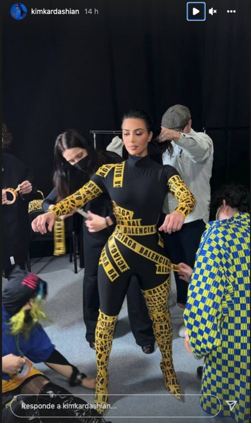 Para el desfile de la colección otoño/invierno 2022 de Balenciaga en Paris Fashion Week, Kim Kardashian se sometió a un proceso previo bastante incómodo, pues para su llamativo look, tuvo que ser cubierta con cinta adhesiva.
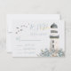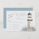 Watercolor Seaside Lighthouse with seashells, coral and soft green and blue foliage on a faux, very light background. The back is a dusty blue background.
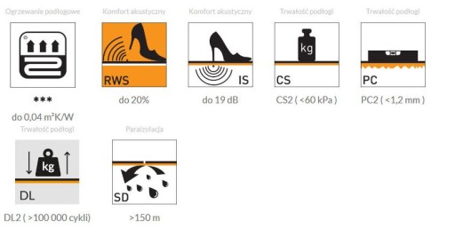 - Podkład posiada niską wartość oporu cieplnego co pozwala na efektywną i ekonomiczną pracę systemu grzewczego.
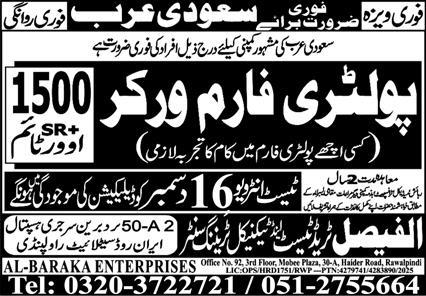 Al Faisal Trade Test & Technical Training Center jobs advertisement dated about 12 December 2025 in daily Express Newspaper invites application for the vacant post of poultry farm worker in Riyadh, tabuk Saudi Arabia. Candidates with Intermediate and Matric etc. educational background will be preferred.
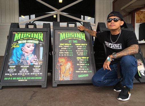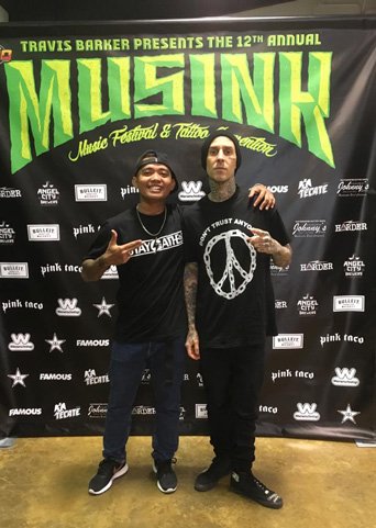 Puncaknya? Skill tattoo artist-nya yang bawa dia ke Amerika, dapat undangan ke acara MUSINK yang dihelat sama idola masa kecilnya: Travis Barker (Blink-182). Dan boom! Kesempatan langka itu datang—Fandem bisa ngobrol, bercanda, dan foto bareng langsung sama Travis Barker. Sebuah momen yang nggak pernah dia bayangin saat pinjam kaset di bangku SMP.

■ Work order: For this exercise, transcribe the entries verbatim and skip all pictures.

■ Written answer:
 Para el desfile de la colección otoño/invierno 2022 de Balenciaga en Paris Fashion Week, Kim Kardashian se sometió a un proceso previo bastante incómodo, pues para su llamativo look, tuvo que ser cubierta con cinta adhesiva.
 Watercolor Seaside Lighthouse with seashells, coral and soft green and blue foliage on a faux, very light background. The back is a dusty blue background.
 - Podkład posiada niską wartość oporu cieplnego co pozwala na efektywną i ekonomiczną pracę systemu grzewczego.
 Al Faisal Trade Test & Technical Training Center jobs advertisement dated about 12 December 2025 in daily Express Newspaper invites application for the vacant post of poultry farm worker in Riyadh, tabuk Saudi Arabia. Candidates with Intermediate and Matric etc. educational background will be preferred.
 Puncaknya? Skill tattoo artist-nya yang bawa dia ke Amerika, dapat undangan ke acara MUSINK yang dihelat sama idola masa kecilnya: Travis Barker (Blink-182). Dan boom! Kesempatan langka itu datang—Fandem bisa ngobrol, bercanda, dan foto bareng langsung sama Travis Barker. Sebuah momen yang nggak pernah dia bayangin saat pinjam kaset di bangku SMP.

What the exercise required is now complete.